The Reader's View
Change the future now
Special to The Times
Today, a most unlivable city
Gang numbers are increasing, firearms use is on the rise, and the number of convicted prisoners is growing, labeling the area and suburbs of Seattle an almost non-livable place.
In a recent study, Seattle defended its name as the 262nd most crime-ridden city out of 371 cities ranked ["St. Louis is ranked most dangerous city," Times, News, Oct. 30]. Thus, the misdemeanor rate of the Seattle area is steadily increasing, and will inevitably climb on this national poll.
Seattle Police Chief Gil Kerlikowske claims, "There is no substitute for sufficient police officers." If this is so, then why are police officials and the federal government releasing delinquents at the same time as crime rates are increasing?
Over the next five years, City Councilman Peter Steinbrueck is hoping to hire 250 new sworn officers. However, the crime increase is occurring here and now, and we may not have five years [to wait] for more police.
Mayor Greg Nickels and council members need to stop promising their assurance for the future, but act now before the problems are not curable any longer. Transgression is only going to become worse as debates and discussions are taking place. The council could be spending its time securing Seattle's streets rather than talking about what it is going to do in the future to prevent Seattle's crime. Therefore, action must be taken in order to cure the Seattle area of this crime epidemic.

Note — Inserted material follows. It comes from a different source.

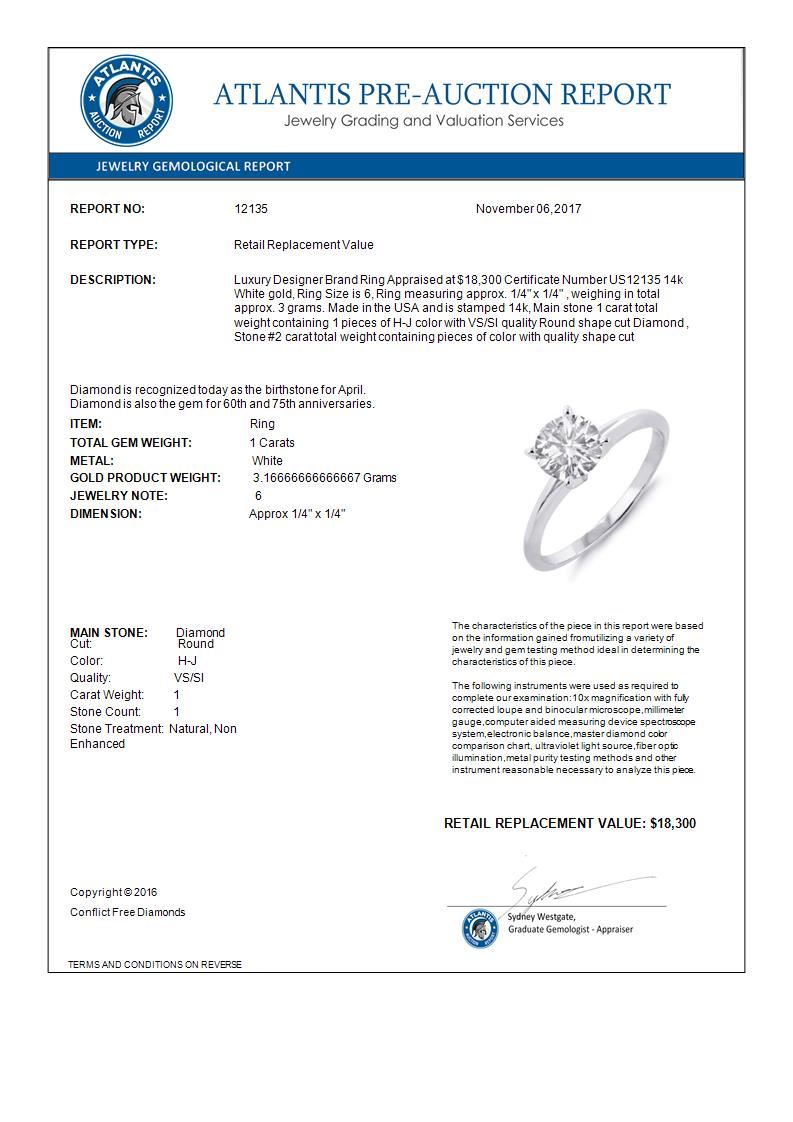 REF-391W9F -12135 ---- 1.0 CTW Certified VS/SI Diamond Solitaire Ring 14K White Gold ---- Luxury Designer Brand Ring Appraised at $18,300 Certificate Number US12135 14k White gold, Ring Size is 6, Ring measuring approx. 1/4" x 1/4" , weighing in total approx. 3 grams. Made in the USA and is stamped 14k, Main stone 1 carat total weight containing 1 pieces of H-J color with VS/SI quality Round shape cut Diamond , Stone #2 carat total weight containing pieces of color with quality shape cut

As a student, I am extremely affected by the growing violence in my community. Students and community spectators cannot even enjoy a sporting event without hostility breaking out. At 6:15 p.m. on Oct. 27, a teen was shot across the street from Federal Way High School because of racial slurs between two different ethnic groups. At the time, a girls' soccer game and parent-teacher conferences were occurring at the school, [exposing] everyone, including students, teachers, parents and the community, to risk.
This proves it is time to take action to prevent violence for the present generation, and future families to come.
Jessika Sutcliff, 14, is a ninth-grader in Steven Hall's Social Studies class at Todd Beamer High School. She lives in Federal Way.